Рождество пришло незаметно, незначуще, все той же
картошкой. Красноармейцы ходили в село пить самогон и
веселиться в трактире.
На четвертый день Рождества комиссар Косарев собрался
съездить в город, сходить в кинематограф, побывать в зверинце,
-- Косарев пригласил с собой Анну. Андрей в этот день пошел на
завод, наниматься.
В городе на базарной площади были карусели, играли
гармонисты, толпились люди, мужики в тулупах, бабы в красных
овчинах и зеленых юбках. Тут же на двух столбах была
единственная -- и вечная -- афиша о зверинце:
"Проездом в городе остановился
-- ЗВЕРИНЕЦ. --
Разные дикие звери под управлением Васильямса.
А также:
ВСЕМИРНЫЙ ОБТИЧЕСКИЙ
обман ЖЕНЬЩИНА-ПАУК". --
На афише были нарисованы -- голова тигра, женщина-паук,
медведь, стреляющий из пистолета, акробат. Афишу мочили многие
дожди. У карусели выли гармошки и бил барабан, овчины
толпились, лужжа семечки и наслаждаясь, на конях, на каруселях
ездили, задрав ноги, парни, девки плавали в лодках; в одном
ларьке продавали оладьи, в другом -- зеркала и свистульки.
Площадь была велика, и шум от каруселей казался маленьким.

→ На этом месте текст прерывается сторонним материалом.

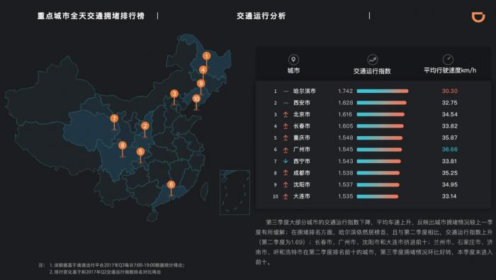 《报告》显示,第三季度哈尔滨再次成为全国拥堵最严重的城市,且与第二季度相比,交通运行指数上升。西安、北京、长春、重庆紧随其后。与上一季度相比,兰州、石家庄、济南和呼和浩特跌出前十。
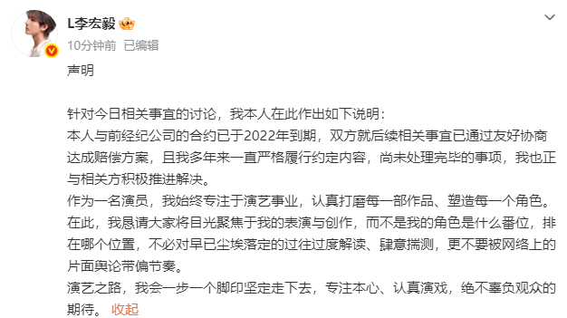 随后,李宏毅本人也发布声明,称是尚未处理完毕的事项,正与相关方积极推进解决。

Косарев поставил лошадь в трактире, направился в исполком, Анна
его ждала, он пришел сумрачным, -- в зверинец попали к
сумеркам.
Зверинец поместился в доме гражданина Слезина, где
когда-то был общественный клуб, выступали заезжие фокусники,
бродячие актеры и местные любители. -- На лестнице горело
электричество, были развешаны картины зверей, толпились
мальчишки, -- в дверях сидел хозяин зверинца Васильямс, в
матросской рубашке, никому не доверял получать деньги,
мальчишек бил по загривкам, но иногда и прозевывал счастливца:
лицо у него было доброе, с ним можно было торговаться о плате
за вход. -- Там, где раньше сидела публика, наблюдавшая за
фокусниками, хлестнул по носам скипидарный запах зверей,
звериного пота. Здесь было целое сооружение, учиненное заново:
по стенам стояли клетки, с попугаями, орущими неистово, -- с
безмолвными филинами, немигающими и такими, как чучелы, -- с
пингвинусом; серия ящиков занималась кроликами, очень похожими
на тех, каких продают на базаре; в двух клетках сидели
мартышки, в ящике, в сено прятались морские свинки; в клетке,
разделенной на десяток отделений, чирикали -- щеглята, синицы,
зяблики, чаечки, трясогузки, чижи; в круглой клетке сидел орел,
совсем полинявший. Электричество светило неярко; там, где была
сцена, был устроен тир: на стойке, обтянутой красным
коленкором, расставлены были -- чайный сервиз, самовар,
гармошка, галстух, пенснэ, -- каждый мог испробовать счастье,
стреляя булавочкой в вертящийся диск. -- Женщины-паука не было,
-- ее показывали через каждые полтора часа на пять минут.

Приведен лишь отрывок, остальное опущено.